WHAT YOU HAVE TO DO. Transcribe the whole listing without a single picture.

(DATA RECORDS)

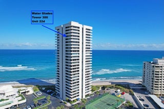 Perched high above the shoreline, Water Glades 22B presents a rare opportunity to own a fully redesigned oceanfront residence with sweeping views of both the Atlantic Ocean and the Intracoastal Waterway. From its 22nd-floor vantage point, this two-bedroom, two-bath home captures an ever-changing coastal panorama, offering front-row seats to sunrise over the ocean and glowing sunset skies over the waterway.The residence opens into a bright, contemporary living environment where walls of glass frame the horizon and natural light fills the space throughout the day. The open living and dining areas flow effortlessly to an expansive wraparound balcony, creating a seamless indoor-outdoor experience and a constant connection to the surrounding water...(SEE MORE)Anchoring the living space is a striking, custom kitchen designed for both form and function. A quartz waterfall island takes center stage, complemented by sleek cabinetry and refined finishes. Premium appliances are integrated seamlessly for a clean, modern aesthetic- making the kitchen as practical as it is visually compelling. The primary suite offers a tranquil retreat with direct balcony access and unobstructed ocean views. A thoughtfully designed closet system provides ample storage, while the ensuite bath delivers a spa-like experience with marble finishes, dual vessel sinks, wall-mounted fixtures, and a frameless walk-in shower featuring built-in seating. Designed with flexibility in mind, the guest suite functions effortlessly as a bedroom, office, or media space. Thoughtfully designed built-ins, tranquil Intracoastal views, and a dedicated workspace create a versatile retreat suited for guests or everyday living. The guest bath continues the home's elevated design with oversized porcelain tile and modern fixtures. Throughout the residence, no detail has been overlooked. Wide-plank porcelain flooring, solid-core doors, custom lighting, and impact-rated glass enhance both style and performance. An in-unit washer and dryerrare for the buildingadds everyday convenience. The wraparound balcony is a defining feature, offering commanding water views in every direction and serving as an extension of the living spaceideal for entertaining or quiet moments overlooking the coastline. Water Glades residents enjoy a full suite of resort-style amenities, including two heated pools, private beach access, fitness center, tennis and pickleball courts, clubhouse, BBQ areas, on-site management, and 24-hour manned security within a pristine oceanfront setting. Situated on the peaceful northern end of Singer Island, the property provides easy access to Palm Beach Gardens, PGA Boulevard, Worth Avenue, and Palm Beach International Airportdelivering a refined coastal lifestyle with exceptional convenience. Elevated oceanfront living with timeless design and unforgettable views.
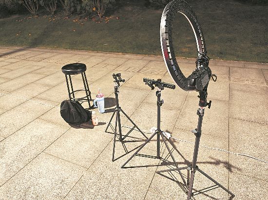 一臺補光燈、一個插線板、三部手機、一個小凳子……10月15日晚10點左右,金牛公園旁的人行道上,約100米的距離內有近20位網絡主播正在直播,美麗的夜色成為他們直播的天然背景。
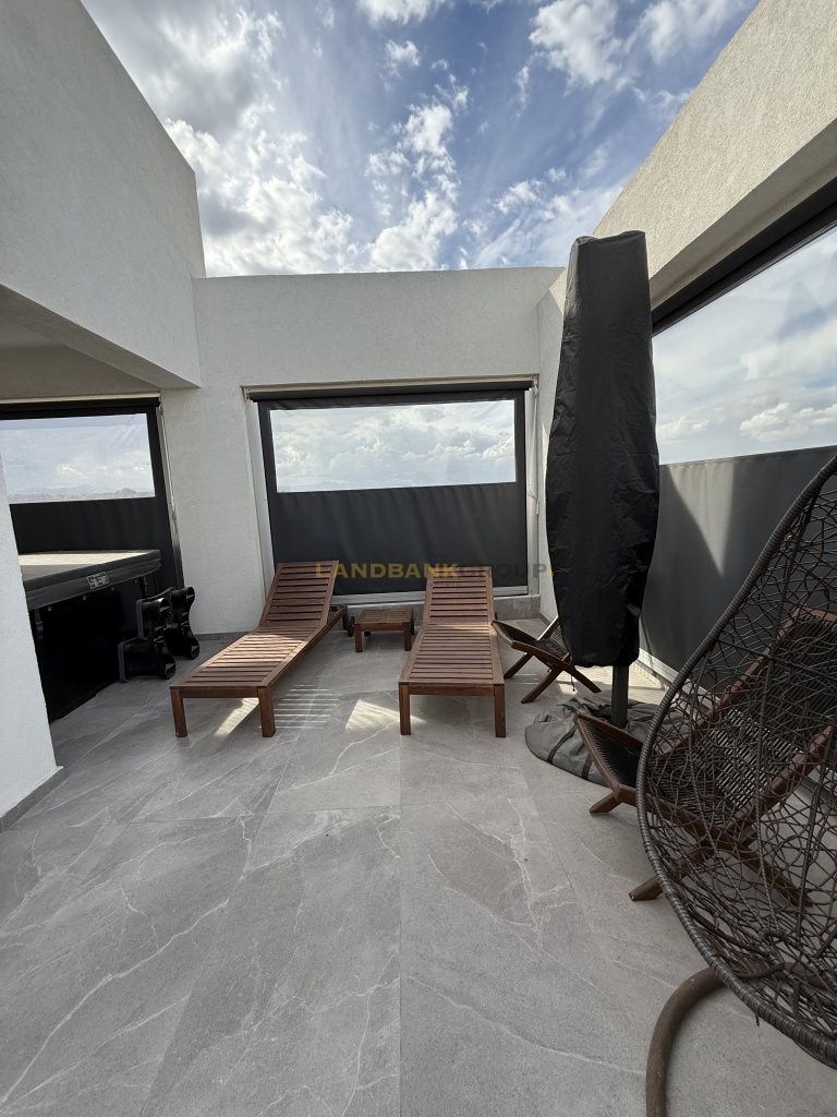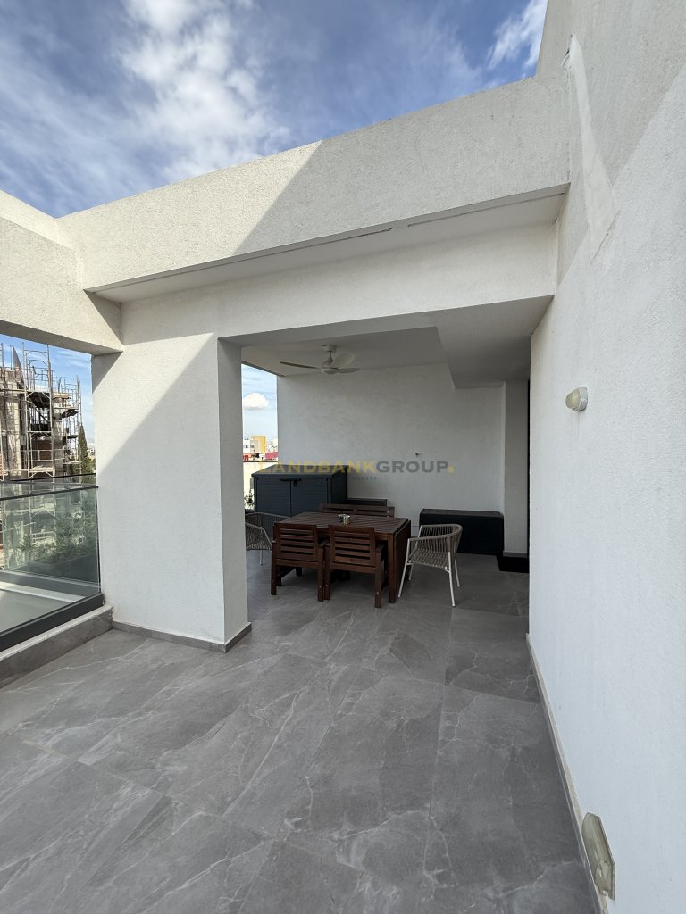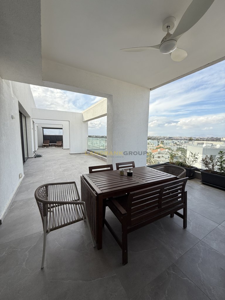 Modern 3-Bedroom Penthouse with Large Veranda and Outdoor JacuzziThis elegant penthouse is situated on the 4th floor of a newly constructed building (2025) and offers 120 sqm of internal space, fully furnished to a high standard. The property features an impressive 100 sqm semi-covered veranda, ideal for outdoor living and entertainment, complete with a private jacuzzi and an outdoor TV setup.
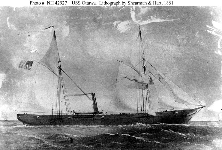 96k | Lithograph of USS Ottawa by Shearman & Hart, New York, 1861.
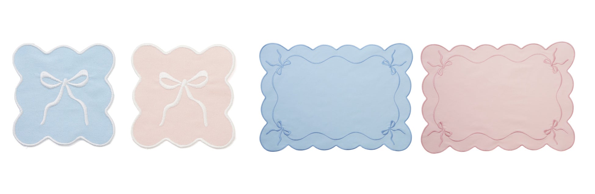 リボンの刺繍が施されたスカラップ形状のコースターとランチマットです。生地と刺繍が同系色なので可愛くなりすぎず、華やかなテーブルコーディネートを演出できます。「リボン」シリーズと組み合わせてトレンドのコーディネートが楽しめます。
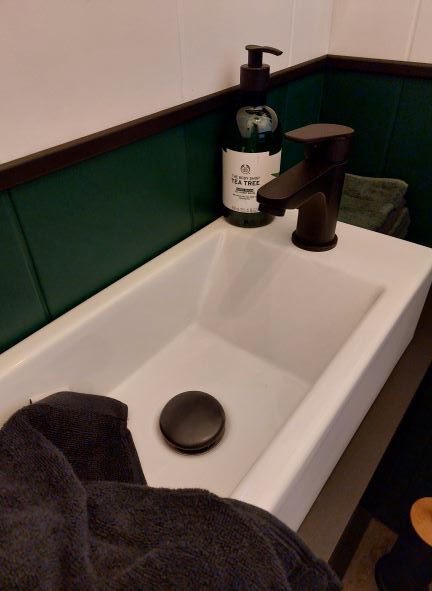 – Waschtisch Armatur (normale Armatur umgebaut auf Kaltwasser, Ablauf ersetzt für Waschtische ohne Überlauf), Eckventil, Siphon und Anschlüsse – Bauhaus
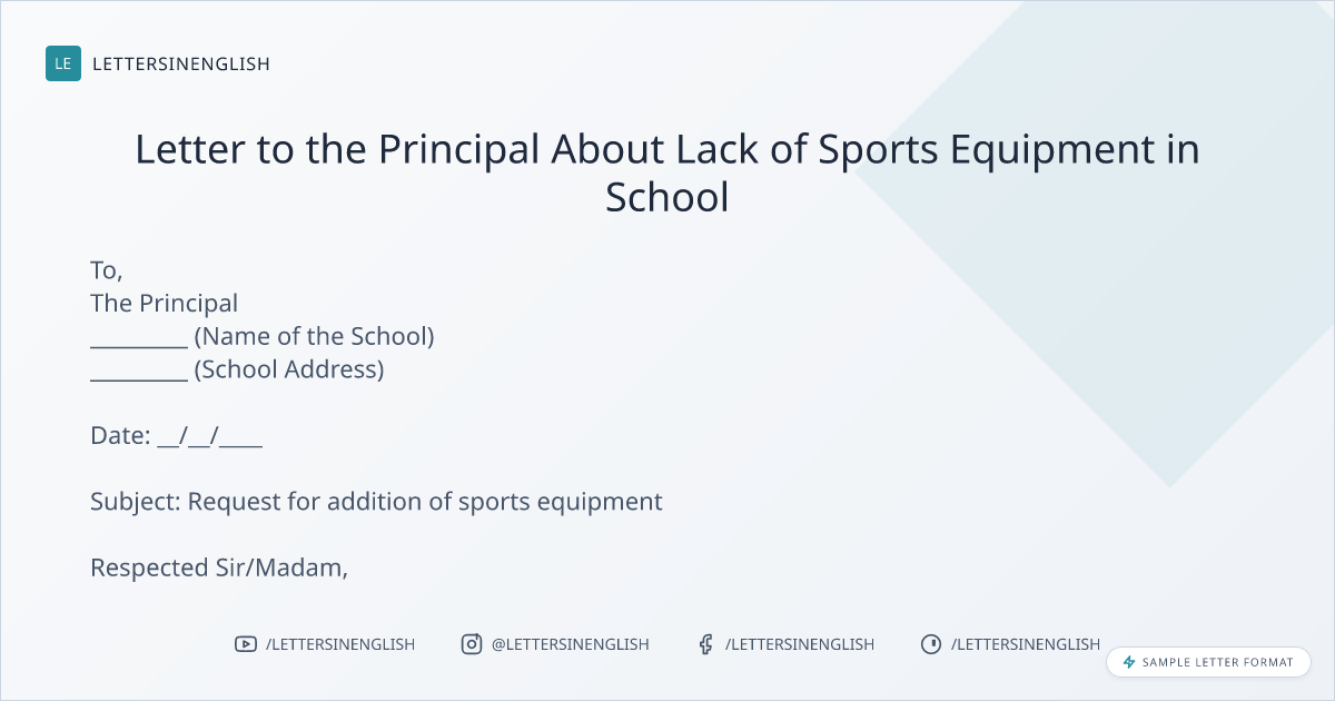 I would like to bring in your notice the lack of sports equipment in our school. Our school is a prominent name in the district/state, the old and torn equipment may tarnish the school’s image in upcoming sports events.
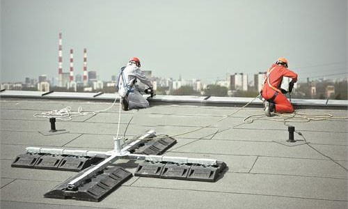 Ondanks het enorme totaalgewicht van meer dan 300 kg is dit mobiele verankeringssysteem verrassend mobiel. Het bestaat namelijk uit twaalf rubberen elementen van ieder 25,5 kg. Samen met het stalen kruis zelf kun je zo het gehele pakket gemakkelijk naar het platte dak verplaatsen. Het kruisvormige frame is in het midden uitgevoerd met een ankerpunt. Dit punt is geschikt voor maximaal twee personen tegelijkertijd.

(End DATA RECORDS)

SOLUTION.
 Perched high above the shoreline, Water Glades 22B presents a rare opportunity to own a fully redesigned oceanfront residence with sweeping views of both the Atlantic Ocean and the Intracoastal Waterway. From its 22nd-floor vantage point, this two-bedroom, two-bath home captures an ever-changing coastal panorama, offering front-row seats to sunrise over the ocean and glowing sunset skies over the waterway.The residence opens into a bright, contemporary living environment where walls of glass frame the horizon and natural light fills the space throughout the day. The open living and dining areas flow effortlessly to an expansive wraparound balcony, creating a seamless indoor-outdoor experience and a constant connection to the surrounding water...(SEE MORE)Anchoring the living space is a striking, custom kitchen designed for both form and function. A quartz waterfall island takes center stage, complemented by sleek cabinetry and refined finishes. Premium appliances are integrated seamlessly for a clean, modern aesthetic- making the kitchen as practical as it is visually compelling. The primary suite offers a tranquil retreat with direct balcony access and unobstructed ocean views. A thoughtfully designed closet system provides ample storage, while the ensuite bath delivers a spa-like experience with marble finishes, dual vessel sinks, wall-mounted fixtures, and a frameless walk-in shower featuring built-in seating. Designed with flexibility in mind, the guest suite functions effortlessly as a bedroom, office, or media space. Thoughtfully designed built-ins, tranquil Intracoastal views, and a dedicated workspace create a versatile retreat suited for guests or everyday living. The guest bath continues the home's elevated design with oversized porcelain tile and modern fixtures. Throughout the residence, no detail has been overlooked. Wide-plank porcelain flooring, solid-core doors, custom lighting, and impact-rated glass enhance both style and performance. An in-unit washer and dryerrare for the buildingadds everyday convenience. The wraparound balcony is a defining feature, offering commanding water views in every direction and serving as an extension of the living spaceideal for entertaining or quiet moments overlooking the coastline. Water Glades residents enjoy a full suite of resort-style amenities, including two heated pools, private beach access, fitness center, tennis and pickleball courts, clubhouse, BBQ areas, on-site management, and 24-hour manned security within a pristine oceanfront setting. Situated on the peaceful northern end of Singer Island, the property provides easy access to Palm Beach Gardens, PGA Boulevard, Worth Avenue, and Palm Beach International Airportdelivering a refined coastal lifestyle with exceptional convenience. Elevated oceanfront living with timeless design and unforgettable views.
 一臺補光燈、一個插線板、三部手機、一個小凳子……10月15日晚10點左右,金牛公園旁的人行道上,約100米的距離內有近20位網絡主播正在直播,美麗的夜色成為他們直播的天然背景。
 Modern 3-Bedroom Penthouse with Large Veranda and Outdoor JacuzziThis elegant penthouse is situated on the 4th floor of a newly constructed building (2025) and offers 120 sqm of internal space, fully furnished to a high standard. The property features an impressive 100 sqm semi-covered veranda, ideal for outdoor living and entertainment, complete with a private jacuzzi and an outdoor TV setup.
 96k | Lithograph of USS Ottawa by Shearman & Hart, New York, 1861.
 リボンの刺繍が施されたスカラップ形状のコースターとランチマットです。生地と刺繍が同系色なので可愛くなりすぎず、華やかなテーブルコーディネートを演出できます。「リボン」シリーズと組み合わせてトレンドのコーディネートが楽しめます。
 – Waschtisch Armatur (normale Armatur umgebaut auf Kaltwasser, Ablauf ersetzt für Waschtische ohne Überlauf), Eckventil, Siphon und Anschlüsse – Bauhaus
 I would like to bring in your notice the lack of sports equipment in our school. Our school is a prominent name in the district/state, the old and torn equipment may tarnish the school’s image in upcoming sports events.
 Ondanks het enorme totaalgewicht van meer dan 300 kg is dit mobiele verankeringssysteem verrassend mobiel. Het bestaat namelijk uit twaalf rubberen elementen van ieder 25,5 kg. Samen met het stalen kruis zelf kun je zo het gehele pakket gemakkelijk naar het platte dak verplaatsen. Het kruisvormige frame is in het midden uitgevoerd met een ankerpunt. Dit punt is geschikt voor maximaal twee personen tegelijkertijd.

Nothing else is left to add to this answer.